× Logo Mobil

Stimmungslage der ukrainischen Bevölkerung

Fernsehen
MiJ
Berichte Ukraine

In der Ukraine-Krise war auch diese Woche von einer massiven Reise-Diplomatie geprägt. Der amerikanische Außenminister Antony Blinkin war in Kiew, in Berlin und gestern auch in Genf, wo er mit dem russischen Außenminister Sergej Lawrow über eine friedliche Beilegung der Krise verhandelte. Ob diese Gespräche zu einer Entspannung führen werden, ist offen. Klar ist leider, dass diese Woche auch von beträchtlichen militärischen Aktivitäten geprägt war. Dazu zählen die russisch-weißrussischen Militärmanöver sowie weitere Verlegungen russischer Waffensysteme ins weißrussisch-ukrainische Grenzgebiet zu Ukraine. Andererseits hat Großbritannien sogenannte Militärberater in die Ukraine geschickt, und Litauen und Tschechien wollen Waffen liefern. Nach Umfragen hält ein Drittel der Ukrainer einen Angriff Russlands für wahrscheinlich. Über die Stimmungslage der Bevölkerung und ihre Haltung zu Russland berichtet aus Kiew unseres Ukraine-Korrespondenten Christian Wehrschütz

Acht Jahre sind bereits seit der Maidan-Revolution in Kiew und seit dem Beginn des Krieges in der Ostukraine vergangenen.

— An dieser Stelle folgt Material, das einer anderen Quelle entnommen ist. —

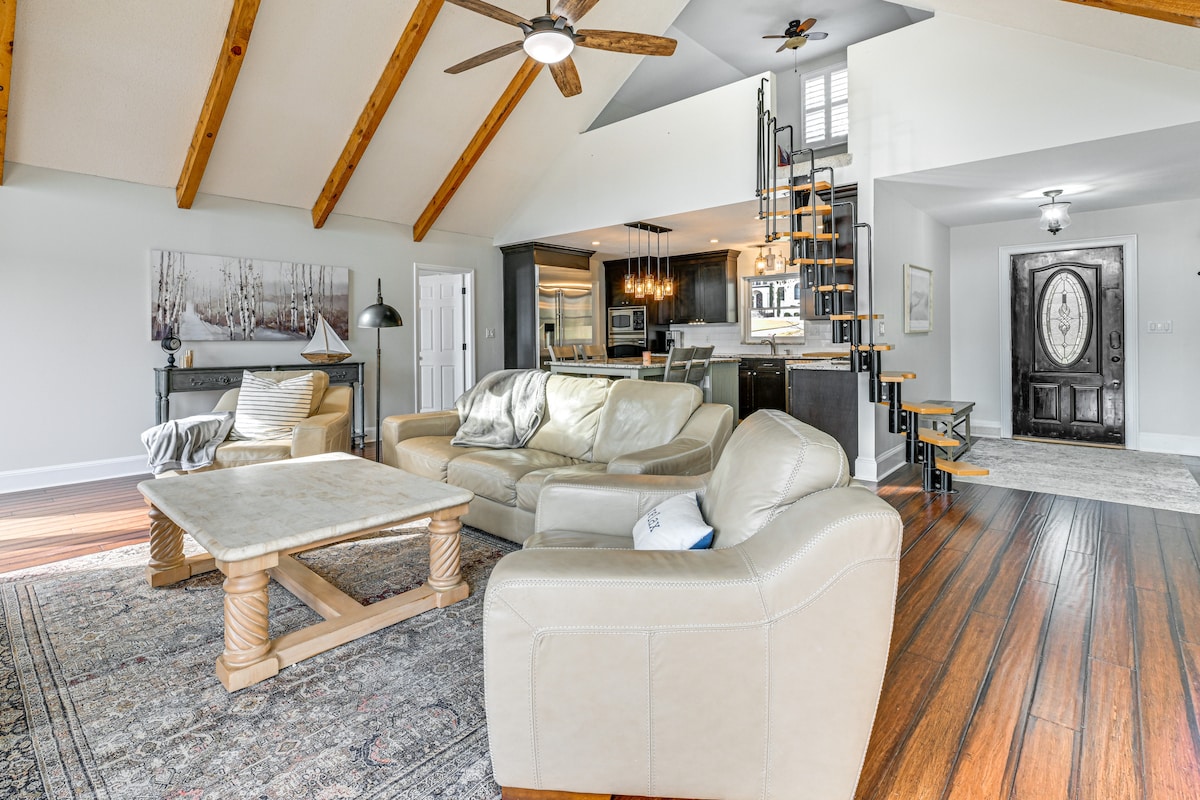 Espacioso refugio frente al lago con 3 dormitorios tamaño king (2 con baño), sala de juegos y un enorme porche cubierto con vistas tranquilas. Disfruta del muelle privado, los kayaks, las tablas de paddleboard, la fogata y un patio plano perfecto para juegos de patio. En el interior, encontrarás una cocina bellamente renovada, televisores inteligentes y entretenimiento para todas las edades. Ya sea relajándose en el porche o explorando el lago Norman, Blue Heron Hideaway está diseñado para la comodidad, la conexión y la diversión junto al lago.

Diese Zeit hat auch das Verhältnis zwischen Ukrainern und Russen, zwischen den beiden ehemaligen sogenannten Brudervölkern, verändert. Nur etwa 12 Prozent der Bevölkerung, insbesondere im prorussischen Osten, haben eine positive Meinung von Vladimir Putin; doch auch die Haltung zu Russland, hat sich stark gewandelt, betont in Kiew der Meinungsforscher Lubomir Misiv:

„Was die Haltung zu Russland betrifft, so hängt das von der Fragestellung ab. Fragt man, ob Russland ein Aggressor ist, so sagen 70 Prozent ja. Doch fragt man die Bürger, welche Einstellung sie zu Russland haben, so sind etwa 60 Prozent negativ. Denn viele im Osten der Ukraine haben Verwandte in Russland, reden mit ihnen, und sehen Russland nicht als derartige Bedrohung an. Doch auch hier kam es zu starken Änderungen. Bis 2014, bis zum Krieg, hatte eine Mehrheit der Ukrainer eine positive Einstellung zu Russland, und diese Zahl nimmt immer mehr ab."

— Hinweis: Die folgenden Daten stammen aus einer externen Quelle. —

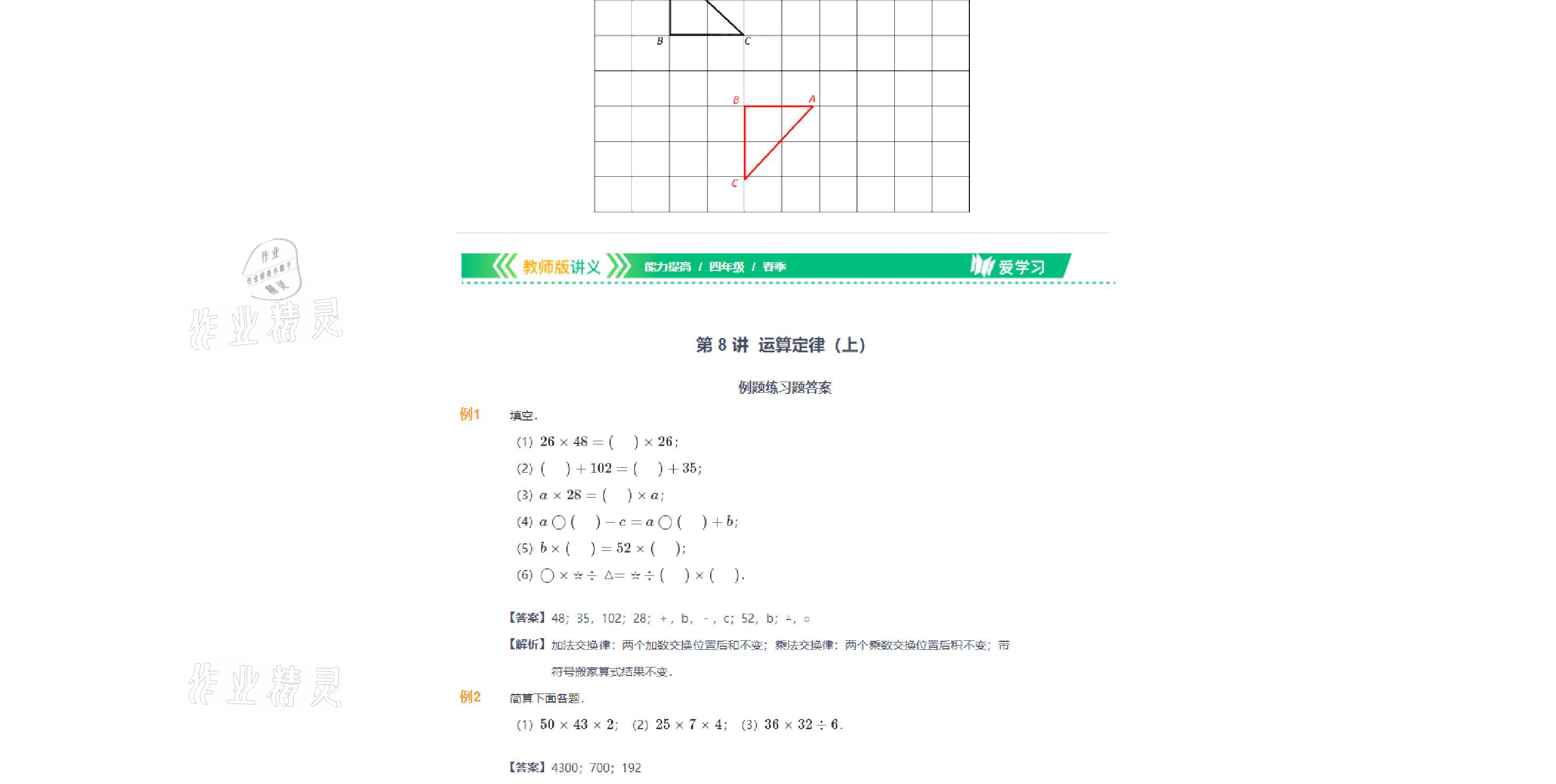 注:目前有些书本章节名称可能整理的还不是很完善,但都是按照顺序排列的,请同学们按照顺序仔细查找。练习册 2021年爱学习数学四年级下册苏教版能力提高体系首都师范大学出版社 答案主要是用来给同学们做完题方便对答案用的,请勿直接抄袭。

Dabei darf nicht vergessen werden, dass Vladimir Putin eben ausgerechnet die prorussischen Gebiete wie die Halbinsel Krim und die Städte Donezk und Lugansk unter seine Kontrolle gebracht hat, die politisch in der Ukraine keinen Einfluss mehr ausüben können. Hinzu kommt auch eine klare Politik der sprachlichen Ukrainisierung, die offenbar von der Bevölkerung gebilligt wird, wenn die Umfragewerte stimmen, die Lubomir Misiv präsentiert:

 

"Nach dem Jahre 2014 ist die Zahl derer, die der Ansicht sind, dass Ukrainisch die einzige Staatssprache sein soll, einfach enorm gestiegen. Fast 80 Prozent sind dieser Ansicht. Wenn man das mit dem Jahr 2014 vergleicht, so waren das damals nur 50 Prozent. Somit hat Vladimir Putin auch den Effekt gehabt, dass er zur Nationsbildung beiträgt, und so weiß auch die russisch-sprachige Bevölkerung der Ukraine wer sie ist, weil eine äußerer Feind den Bürgern diese Entscheidung abverlangt, ob er für sein Land oder den Feind ist."

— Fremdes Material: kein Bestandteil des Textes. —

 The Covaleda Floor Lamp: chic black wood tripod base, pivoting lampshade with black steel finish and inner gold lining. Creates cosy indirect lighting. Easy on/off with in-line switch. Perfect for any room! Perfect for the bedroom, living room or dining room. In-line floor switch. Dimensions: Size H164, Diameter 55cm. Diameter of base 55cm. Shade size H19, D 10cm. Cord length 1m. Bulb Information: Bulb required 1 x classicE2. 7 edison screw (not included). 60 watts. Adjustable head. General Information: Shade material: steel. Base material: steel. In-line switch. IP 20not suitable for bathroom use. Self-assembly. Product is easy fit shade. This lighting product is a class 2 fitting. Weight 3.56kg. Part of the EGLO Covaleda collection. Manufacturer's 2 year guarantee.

Dazu zählt, dass die Verteidigungsbereitschaft der Ukrainer gestiegen ist, und zwar auch gegenüber Russland und auch im Osten der Ukraine, betont Lubomir Misiv:

 

"Die Hälfte der Bevölkerung sind bereit, ihr Vaterland zu schützen, doch jeder Dritte ist bereit, sein Land auch mit der Waffe in der Hand zu verteidigen also gegen Russland zu kämpfen. Im Westen sind 60 Prozent bereit zu kämpfen, im Osten sind es 25 Prozent der Bevölkerung."

Im Falle einer größeren Militäraktion müssten russische Truppen somit mit wachsendem Widerstand rechnen je weiter sie gegen Westen vorstoßen. Kampflos wie 2014 die Halbinsel Krim, würde ukrainisches Territorium heuer Russland somit sicher nicht in die Hände fallen.